«In quanto anarchico, ritengo i concetti borghesi di colpevolezza o innocenza totalmente privi di significato», aveva detto Vincenzo Vecchi nel 2007 ai giudici di Genova che lo processavano per le violenze al G8 del 2001, culminate con la morte di Carlo Giuliani. Ad ogni buon conto cinque anni dopo, quando la Cassazione doveva decidere se rendere definitiva la sua condanna a tredici anni per devastazione e saccheggio, si rese tempestivamente uccel di bosco. La Cassazione confermò la condanna, Vecchi era ormai latitante e da oggi può finalmente dormire tranquillo. Merito della Francia, della sua tradizionale accoglienza verso i «rifugiati politici», terroristi compresi.
La Corte d'appello di Lione ieri ha respinto la richiesta di estradizione presentata dall'Italia per Vecchi, unico ancora latitante degli estremisti arrestati e poi scarcerati dalla Procura di Genova nell'inchiesta sui giorni di fuoco dell'agosto 2001, quando contestatori di mezzo mondo scesero nel capoluogo ligure contro il vertice del G8. In mezzo a tanta gente pacifica, i cosiddetti black block - l'ala dura degli antagonisti italiani e stranieri - presero la guida della piazza. «Vecchi era un black block», affermarono i pm di Genova nel processo. Nei video, riconoscibile grazie al casco bianco, è lui in prima fila nell'assalto alla filiale della Cassa di risparmio, devastata come simbolo dell'accumulazione capitalista, e in altre imprese dell'ala dura.
Che Vecchi, bergamasco di Calcinate, fosse in Francia lo si sapeva da tempo. Arrestato in una casa occupata a Milano, liberato e sparito prima della sentenza, era riapparso nel 2019, quando pedinando la sua donna la Digos di Milano era arrivata in un paesino della Savoia dove la coppia si era riunita per una vacanza. L'estradizione in Italia era apparsa subito difficile, i tempi si erano allungati, tre mesi dopo la giustizia francese aveva rimesso il black block italiano in libertà. Il cavillo dei giudici francesi era che il reato di devastazione non è previsto dal codice francese, ma era chiaro che dietro si muoveva la vecchia, inguaribile simpatia dei francesi verso ribelli veri o presunti. Neanche una decisione della Corte di giustizia europea, che aveva bocciato il rifiuto francese di riconsegnare Vecchi, aveva smosso la situazione.

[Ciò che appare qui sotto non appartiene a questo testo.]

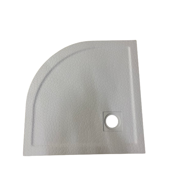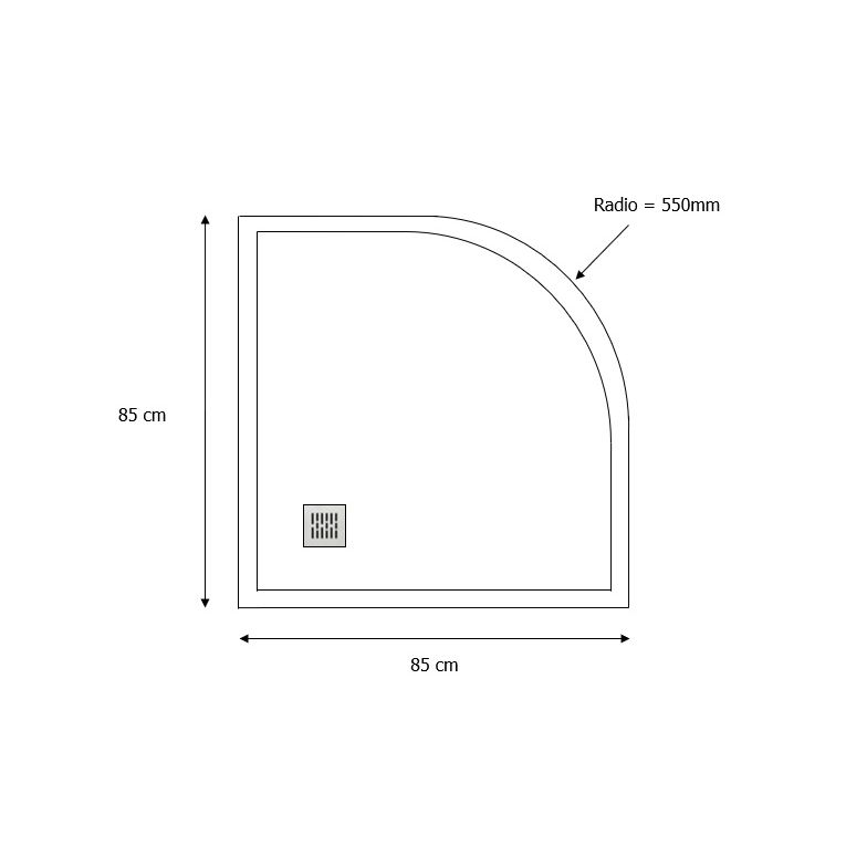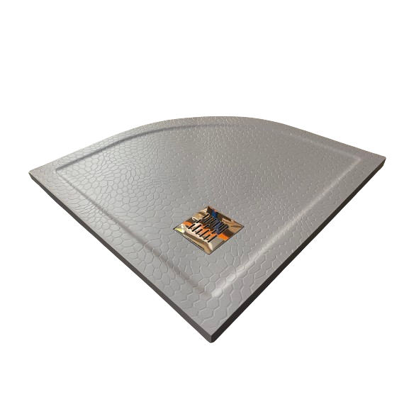 Massieve composiet douchebak kwartrond met rand Stone, afmeting 85x85x3.5cm in Betongrijs RAL7004 met honingraat anti-slipstructuur. Inclusief RVS afvoerrooster en sifon (inbouwhoogte 60 mm) met uitneembaar zeefje. Oorspronkelijke prijs €437,- nu afgeprijsd vanwege een lichte afwijking in de afvoer, die enigszins scheef zit. Afstand afvoer boven is 5,4cm en onder 5,2cm. Eenmaal gemonteerd is deze afwijking nauwelijks merkbaar of zichtbaar. Douchebak is voorzien van afschot en is eenvoudig op maat te zagen.

Ieri la pratica si chiude definitivamente. Secondo i giudici di Lione, Vecchi «nonostante abbia vissuto per un periodo con falsa identità, per 13 anni ha costruito relazioni, famiglia, lavora, partecipa alle attività della comunità e questi diritti devono considerarsi da tutelare rispetto a una condanna per fatti accaduti nel lontano 2001 che pare a tutti gli effetti sproporzionata». Il fatto che la sentenza definitiva sia in realtà del 2012, e che gli undici anni successivi siano stati occupati solo dalle ricerche e dalle procedure, per i giudici transalpini poco conta: la consegna di Vecchi all'Italia «rappresenterebbe un oltraggio sproporzionato al rispetto della sua vita privata e familiare». Oggi Vecchi fa il falegname in Bretagna, e bisogna permettergli di andare avanti così.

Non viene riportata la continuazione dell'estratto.